ICLR 2026 Conference SubmissionAnonymous Authors
multi-agent systemvisual hallucination snowballing
Abstract:

Multi-Agent System (MAS) powered by Visual Language Models (VLMs) enables challenging tasks but suffers from a novel failure term, multi-agent visual hallucination snowballing, where hallucinations are seeded in a single agent and amplified by following ones due to the over-reliance on textual flow to relay visual information. Through turn-, layer-, and token-wise attention analyses, we provide detailed insights into the essence of hallucination snowballing regarding the reduction of visual attention allocation.
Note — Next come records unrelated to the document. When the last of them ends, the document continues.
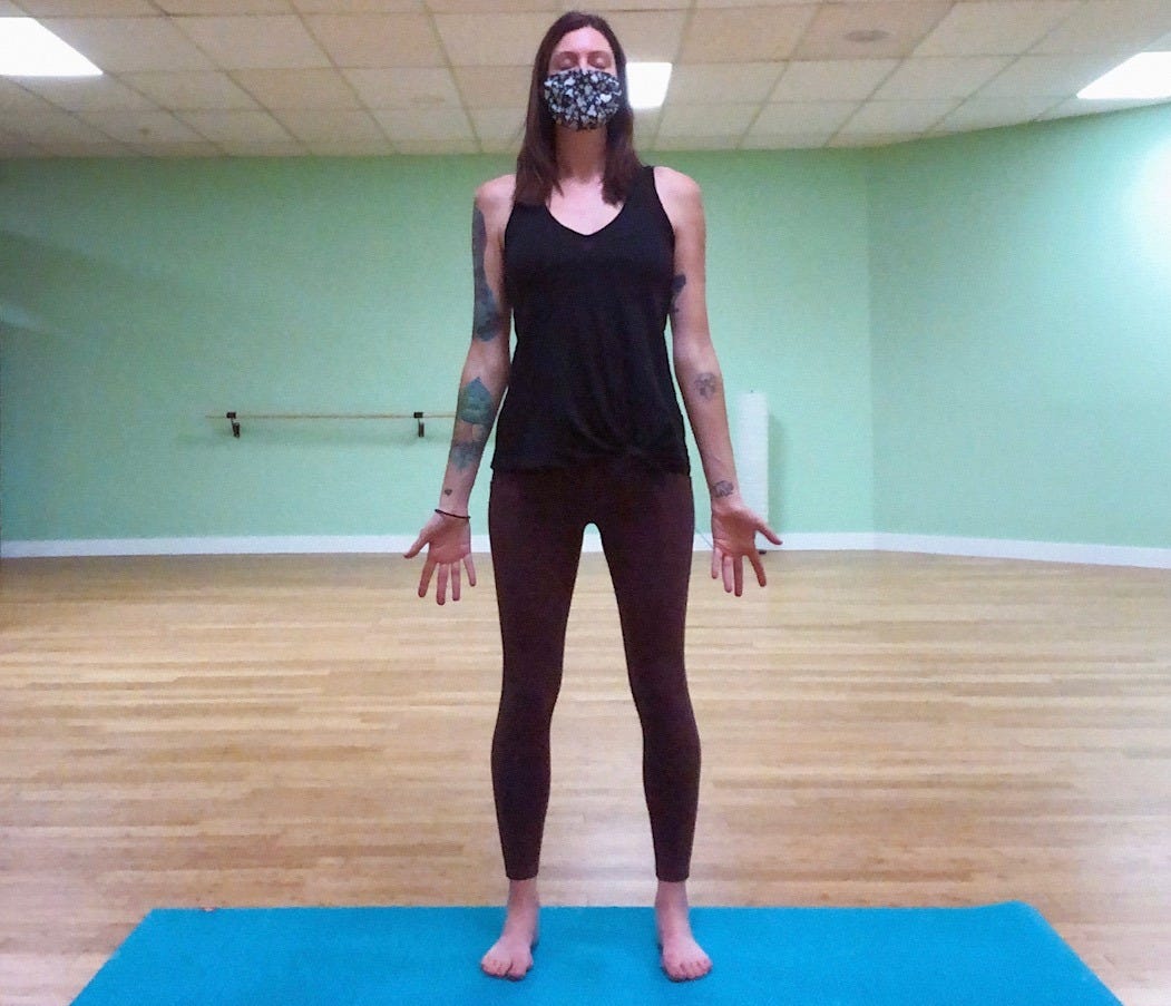 Two more easy practices are the Orienting Practice (from Somatic Counselor/Trauma Specialist/Social Justice Activist/Yogi Hala Kouri) and the 5 Senses Exercise. For the Orienting Practice, move your head slowly from side to side and: notice the colors and textures around you, identify all of the objects in the room that are a particular color, name the objects that you see, or find something really pleasant to look at and really take it in. For the 5 Senses Exercise, notice: 5 things you can see, 4 things you can feel, 3 things you can hear, 2 things you can smell, and 1 thing you can taste. These activities are helpful to bring you back to the present moment.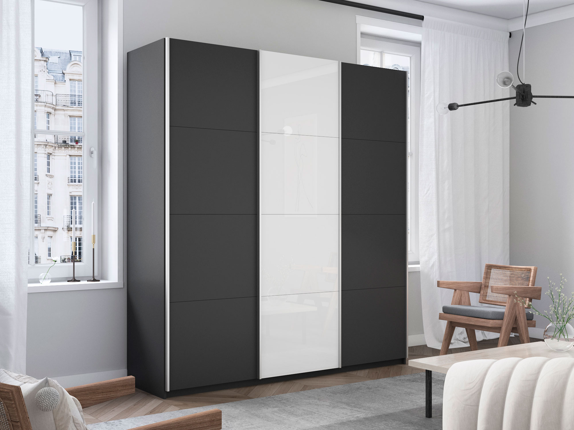 - Шкаф-купе Прайм Широкий 3-х дверный два ДСП/Стекло Белое Серый Диамант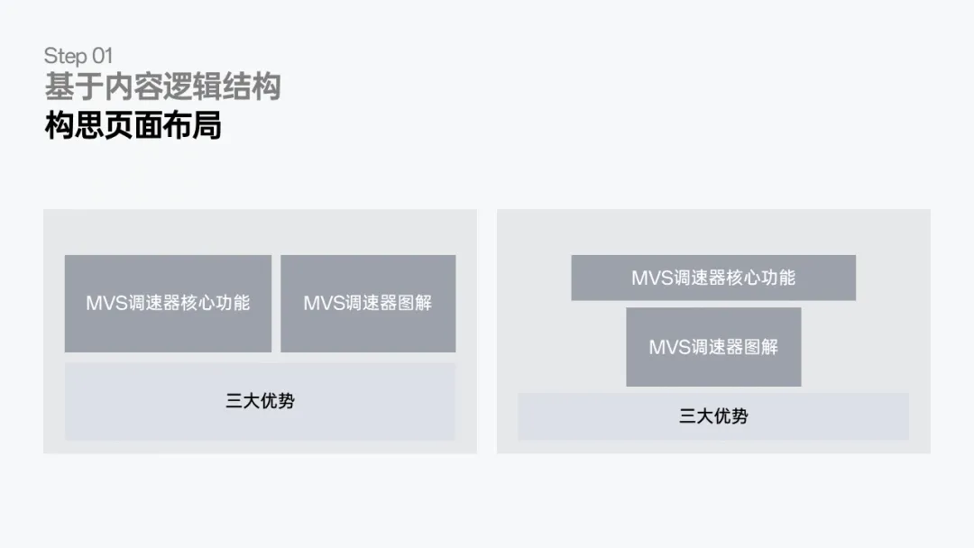其实主要讲核心功能和三大优势,所以内容布局无非就是两种方式,选择其中一种先敲定页面布局:

It leads us to identify a subset of vision tokens with a unimodal attention peak in middle layers that best preserve visual evidence but gradually diminish in deeper agent turns, resulting in the visual hallucination snowballing in MAS. Thus, we propose ViF, a lightweight, plug-and-play mitigation paradigm that relays inter-agent messages with Visual Flow powered by the selected visual relay tokens and applies attention reallocation to amplify this pattern. The experiment results demonstrate that our method markedly reduces hallucination snowballing, consistently improving the performance across eight benchmarks based on four common MAS structures and ten base models. The implementation source code will be made publicly available.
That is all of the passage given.